A day ago, controversy erupted after Aitchison College Principal Michael A. Thompson resigned from his post, citing alleged interference of the Governor House in the management of the college for a year or so.

Sources had said the principal tendered his resignation as a protest after Governor Balighur Rehman allowed a leave of absence and a complete fee waiver for a period of three years to Cheema’s two children.

Sources in the Governor House had claimed that Rehman had passed the fee waiver order under the law. The decision would benefit all the parents who would have to leave the city due to any concrete reason.

Meanwhile, Cheema had questioned what was wrong with the governor’s order. Speaking on Geo News show ‘Aaj Shahzeb Khanzada Kay Sath’, Cheema said the governor had devised a “general policy” for everyone.

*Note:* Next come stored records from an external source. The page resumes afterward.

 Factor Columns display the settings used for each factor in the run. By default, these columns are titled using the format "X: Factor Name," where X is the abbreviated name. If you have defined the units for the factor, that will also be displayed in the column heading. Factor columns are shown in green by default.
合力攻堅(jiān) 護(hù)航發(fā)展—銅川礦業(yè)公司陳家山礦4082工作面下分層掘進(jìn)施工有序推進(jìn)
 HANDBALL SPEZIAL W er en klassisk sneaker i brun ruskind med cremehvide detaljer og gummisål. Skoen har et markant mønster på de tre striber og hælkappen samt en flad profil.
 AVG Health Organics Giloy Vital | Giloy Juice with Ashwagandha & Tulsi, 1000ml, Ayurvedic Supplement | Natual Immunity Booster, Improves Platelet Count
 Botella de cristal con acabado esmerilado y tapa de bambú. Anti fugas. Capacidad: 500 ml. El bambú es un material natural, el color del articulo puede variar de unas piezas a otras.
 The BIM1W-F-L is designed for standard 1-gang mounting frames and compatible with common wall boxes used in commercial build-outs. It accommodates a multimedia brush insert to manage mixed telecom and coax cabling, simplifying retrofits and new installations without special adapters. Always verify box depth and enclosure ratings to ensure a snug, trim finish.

He added that the policy approved by the college’s board was meant for the children of all civil servants or anybody else facing problems following their transfer to other stations. Cheema said the governor had sent his wife’s application to the board of governors that had accepted the application for the fee waiver.

In a letter to Governor Rehman today, Cheema said the new policy waiving off the fee if a student was not studying at the college was “just, fair, equitable and against the traditional elitist mindset”.

He said that the governor should “not withdraw the new policy under any nefarious pressure” as the policy would help students and their parents in the future.

However, Cheema added that his family had “suffered mockery, slur and a vilification campaign” since yesterday’s incident and thus: “Under these circumstances, I wish to convey that I do not want to avail this facility for my children, howsoever rightful I may be and just and fair the policy may be.”

Cheema rued that the governor’s order had triggered a “strange and pointless controversy, orchestrated by a principal” who had already resigned, adding that Thompspn’s “brazen and high-headed refusal” of policy decisions by the college board and its chairman was unheard of.

“Regrettably, politics has overshadowed the solution-oriented and responsive policy issued by you,” the letter said.

It added that the college’s student body and their parents formed a community, whose genuine needs and compulsions ought to be respected and responded to by the board and the management.

“The Board of Director’s earlier decision and your final order in the matter are steps in the right direction,” Cheema said.

He alleged that Principal Thompson had “at various occasions” offered him individual relief on the “quiet side” regarding the issue which was communicated through “some respectable people who were in the knowledge of the matter”.

“I also want to state that we refused to take any under-the-table deal. This upfront refusal was based on the principles,” Cheema added.

The letter said that the basis of the Cheema family’s applications to the governor’s office was their belief that what they were seeking was “fair, appropriate and in public interest” to improve upon “an iniquitous policy framework which discriminated between rich and not-so-rich parents”.

Separately, a protest outside the Governor House was held by old Aitchisonians and parents of students against the incident that forced the principal to resign. In an announcement a day ago about the demonstration, they had demanded the principal’s restoration and the expulsion of Cheema’s sons.

A letter from the Aitchison College Old Boys Association was also sent to the president of the college’s board of governors, expressing deep concern and registering a protest against Governor Rehman’s fee waiver as it was a “clear deviation from the norms of the corporate governance and prevalent college policy”.

The association urged the board to follow and adhere to rules and regulations strictly in accordance with the law and best corporate practices.

The letter also urged the board and its president to rescind the governor’s “controversial order” as it had “landed a school of impeccable repute into unnecessary controversy”.